→ **About this task**
Without including any pictures, please copy every entry below exactly.

→ **Data extract**
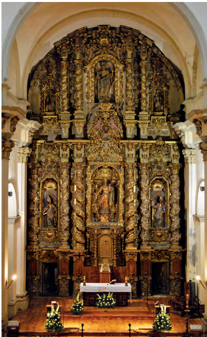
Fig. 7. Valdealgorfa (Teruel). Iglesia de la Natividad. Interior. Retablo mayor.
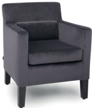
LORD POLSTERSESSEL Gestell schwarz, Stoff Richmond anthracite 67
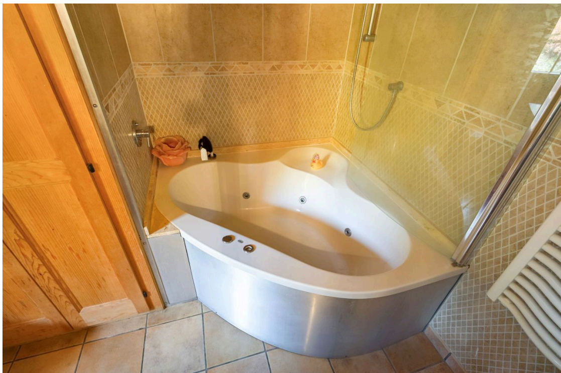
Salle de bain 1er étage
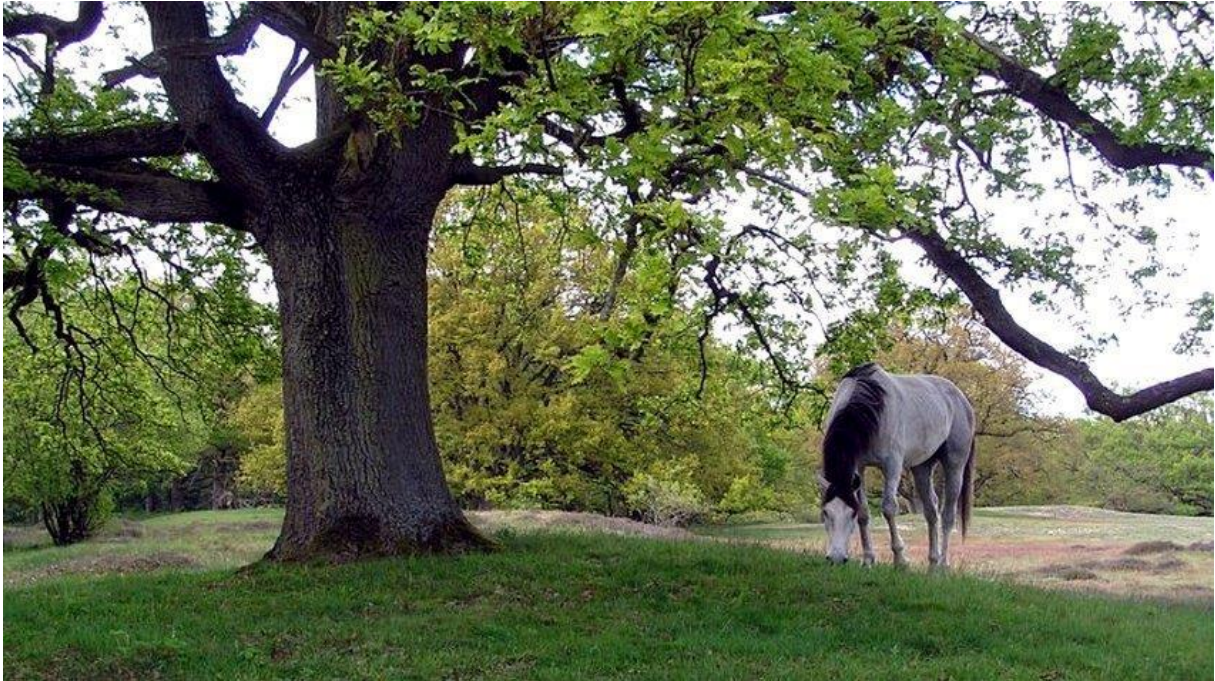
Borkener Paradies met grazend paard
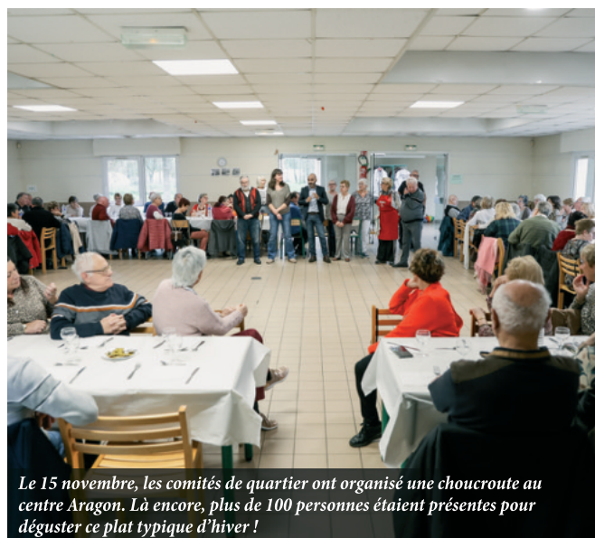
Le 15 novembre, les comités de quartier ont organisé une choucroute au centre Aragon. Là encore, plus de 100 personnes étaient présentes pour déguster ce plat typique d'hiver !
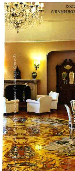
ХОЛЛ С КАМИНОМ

→ **Expected answer**
Fig. 7. Valdealgorfa (Teruel). Iglesia de la Natividad. Interior. Retablo mayor.
LORD POLSTERSESSEL Gestell schwarz, Stoff Richmond anthracite 67
Salle de bain 1er étage
Borkener Paradies met grazend paard
Le 15 novembre, les comités de quartier ont organisé une choucroute au centre Aragon. Là encore, plus de 100 personnes étaient présentes pour déguster ce plat typique d'hiver !
ХОЛЛ С КАМИНОМ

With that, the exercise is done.